Chapter 4: The Death of the Curate
Summary The Curate goes insane from hunger and fear, shouting loudly. To prevent them both being discovered, the narrator strikes him with a meat chopper (killing him or knocking him out). The Martians hear the noise, drag the Curate's body away, and feed on him. The narrator hides in the coal cellar.
"I saw the Martian... scrutinizing the curate’s head. I thought at once that it would infer my presence from the mark of the blow I had given him."

Significance: High tension and moral ambiguity. The narrator is haunted not just by the alien threat, but by his own capacity for violence to survive.
Techniques

Claustrophobia: The setting is confined to a scullery. The tension comes from the inability to move or speak.

Chapters 5-7: The Stillness & The Artilleryman
Summary The narrator emerges into a silent, alien world covered in Red Weed. He meets the Artilleryman again on Putney Hill. The Artilleryman has grand, fascist plans to live underground and preserve the "strong" human race, but the narrator realizes the man is lazy, drunk, and all talk.
"They haven't any spirit in them—no proud dreams and no proud lusts; and a man who hasn't one or the other—Lord! What is he but funk and precautions?"
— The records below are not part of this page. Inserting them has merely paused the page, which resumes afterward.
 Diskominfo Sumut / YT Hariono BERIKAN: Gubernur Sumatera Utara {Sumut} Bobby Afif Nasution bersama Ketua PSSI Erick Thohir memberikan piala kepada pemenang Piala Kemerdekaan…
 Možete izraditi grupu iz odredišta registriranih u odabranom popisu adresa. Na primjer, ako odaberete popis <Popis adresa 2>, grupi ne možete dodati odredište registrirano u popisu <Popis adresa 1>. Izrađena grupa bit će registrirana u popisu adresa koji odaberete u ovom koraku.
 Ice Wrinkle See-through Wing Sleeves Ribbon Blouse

Significance: The Artilleryman critiques Victorian society (clerks, office workers) as "tame." However, his own failure to act shows that "survival of the fittest" requires discipline, not just big ideas.
Analysis

Social Darwinism: The chapter explores the idea of who deserves to survive. While the Artilleryman's theories sound compelling, his lack of morality and action undermines them.

Chapters 8-9: Dead London & Wreckage
Summary The narrator walks into a dead, silent London. He hears a wailing cry: "Ulla, ulla." At Primrose Hill, he finds the Martians dead in their machines. They were killed not by weapons, but by Earth's bacteria (putrefaction), against which they had no immunity.
"Slain, after all man’s devices had failed, by the humblest things that God, in his wisdom, has put upon this earth."
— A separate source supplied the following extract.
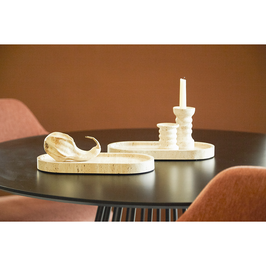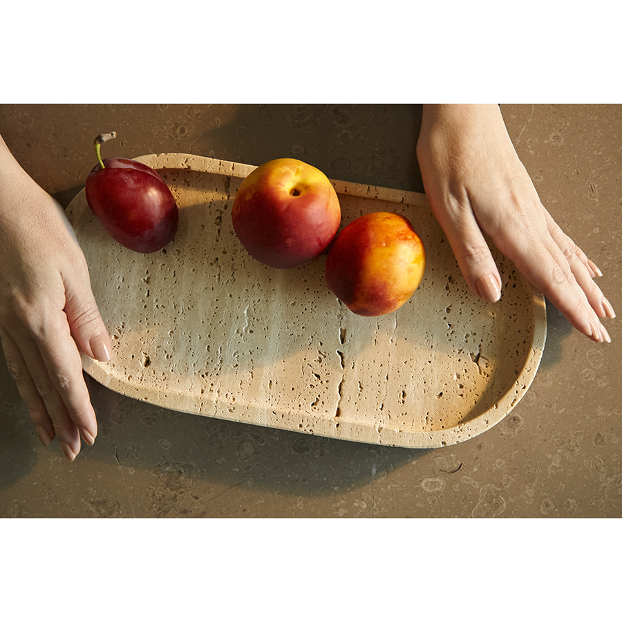 Поднос Travertin – роскошное дополнение как для традиционного, так и для современного интерьера, способное придать пространству благородный вид и индивидуальный стиль. За счет шлифовки и полировки поверхность имеет схожесть со структурой дерева или натурального камня, сохраняет эстетичный внешний вид, обладает высокой прочностью и долговечностью. Изделие можно использовать в качестве изысканной подставки для украшений и различных аксессуаров.

Significance: This is the resolution. It is a Deus Ex Machina (God from the machine), but a biological one. It underscores the theme that humans are part of nature, not masters of it. We survived because we have evolved with our bacteria.
Techniques

Anti-Climax: There is no final battle. The powerful Martians simply rot away. This emphasizes the fragility of even the most advanced intelligence.

Sound Imagery: The "Ulla, ulla" cry represents the dying grief of the Martians, humanizing them slightly in their final moments.

Chapter 10: The Epilogue
Summary The narrator reflects on the aftermath. Humanity has learned humility and advanced science by studying Martian tech. He is reunited with his wife (who he thought dead). However, he is permanently scarred by the trauma.
"And strangest of all is it to hold my wife’s hand again, and to think that I have counted her, and that she has counted me, among the dead."

Significance: The novel ends on a human note, but one tinged with trauma. The world has returned to "normal," but it will never be the same.
Analysis

PTSD: The narrator describes seeing the city as a "dead city" even now. This psychological realism grounds the sci-fi story in human experience.